Mark Watches ‘Cowboy Bebop’: Session 14 – Bohemian Rhapsody

In the fourteenth session of Cowboy Bebop, the team chases a bounty that ends with Edward playing a game of chess. This is not an exaggeration at all. Intrigued? Then it’s time for Mark to watch Cowboy Bebop.

I’ve given up on the idea that this show is going to be anything like I’ve seen before, and because of that, I find it refreshing. I know that there are a few of you who have fallen off the wagon, so to speak, and I don’t blame you. This community has always been honest and vocal about their respective tastes, and at times, something I watch just isn’t the right taste for some of you. I wanted y’all to understand why I’m enjoying this so much, though. After spending so much time in Joss Whedon’s fictional worlds, watching both Cowboy Bebop and Princess Tutu has been jarring in the best way possible. Hell, that’s actually the case for the bulk of what I’ve watched for Mark Watches. Nearly all the shows I’ve tackled were heavily serialized. Even Doctor Who! So to experience a show that’s decidedly not serialized in many respects is like getting a breath of fresh air. It’s new. It’s challenging me to rethink how I write about television, too, and how I consume media. Aren’t most shows on the air these days not serialized? Fictional shows, I mean. I suppose reality television is technically serialized, right? Oh god, what if I did a reality TV show for Mark Watches?
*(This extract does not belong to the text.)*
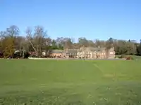 Francis Hall (d.1728) of West Sandford, Crediton, married Frances Quicke, daughter of Andrew Quicke (1666-1736) of Newton St. Cyres, Devon. A monument to Francis Hall (d.1728) exists in Newton St Cyres Church.[14] She married secondly Sir John Chichester, 4th Baronet (1689-1740), of Youlston Park,[15][16][17] to whose family the estate of West Sandford appears to have descended. West Sandford was a very large mansion about 2 1/2 miles NW of Crediton, near the ancient Chichester estate of Ruxford, of which a watercolour painting was made in 1797 by the Devon topographer Rev. John Swete. The latter wrote of West Sandford in his Travel Journal in 1797 as follows: "The appearance of this house, built with brick and decorated with white mouldings, is of great respectability. Its contiguous gardens with high walls and large gates and the groves that shelter it on the NE speak it to have been the residence of some person of consequence who had a relish for things of former days and was too advanced in years to adopt the improvements of modern taste. It was long the property and abode of Lady Chichester and by her decease a few years ago became a possession of Sir John Chichester of Youlston, Bart. Beheld in its two fronts from a rising point of the public road it had such extent of building as to possess a degree of magnificence; nor has it less to recommend itself for its situation, having spread out before its windows some of the richest pasture ground in the county. What ingredients of the picturesque, taking advantage of the road as a foreground, may enter into the composition of the scenery, may be collected from the following sketch".[18] This large house had already been demolished by 1822 as reported by Lysons, who stated the estate was then owned by John Quicke, Esq.[19] The memory of this house has faded, no mention of its former existence having been made by Pevsner or Hoskins, the leading modern authorities on such matters.

HOLD ON TO THAT THOUGHT FOR A WHILE. Anyway, I’ve come to see Cowboy Bebop as a series of vignettes. There are glimpses to the past, but they’re simply that: glimpses. They’re brief. They matter, but they aren’t the sole driving force of the narrative. Instead, we get these miniature stories that surprisingly vast and expansive. “Bohemian Rhapsody” really is about a man who loves to play games, but it feels so much bigger than that. It’s about the degradation of all things by time; it addresses the futility that’s always so present in these people’s lives; it shows us that this fictional world is packed full of interesting and unpredictable characters.

“Bohemian Rhapsody” tricks us into thinking this is about a traditional bounty. The Bebop team captures an assortment of criminals, only to discover that their work in the Astral Gate hijack was the work of some sort of criminal mastermind. We’re given the misdirect right then and there. This must be a mob boss of some sort! It must have some deep meaning! There is someone who must be caught at the end of this! The story then slowly deconstructs and subverts every single one of these expectations.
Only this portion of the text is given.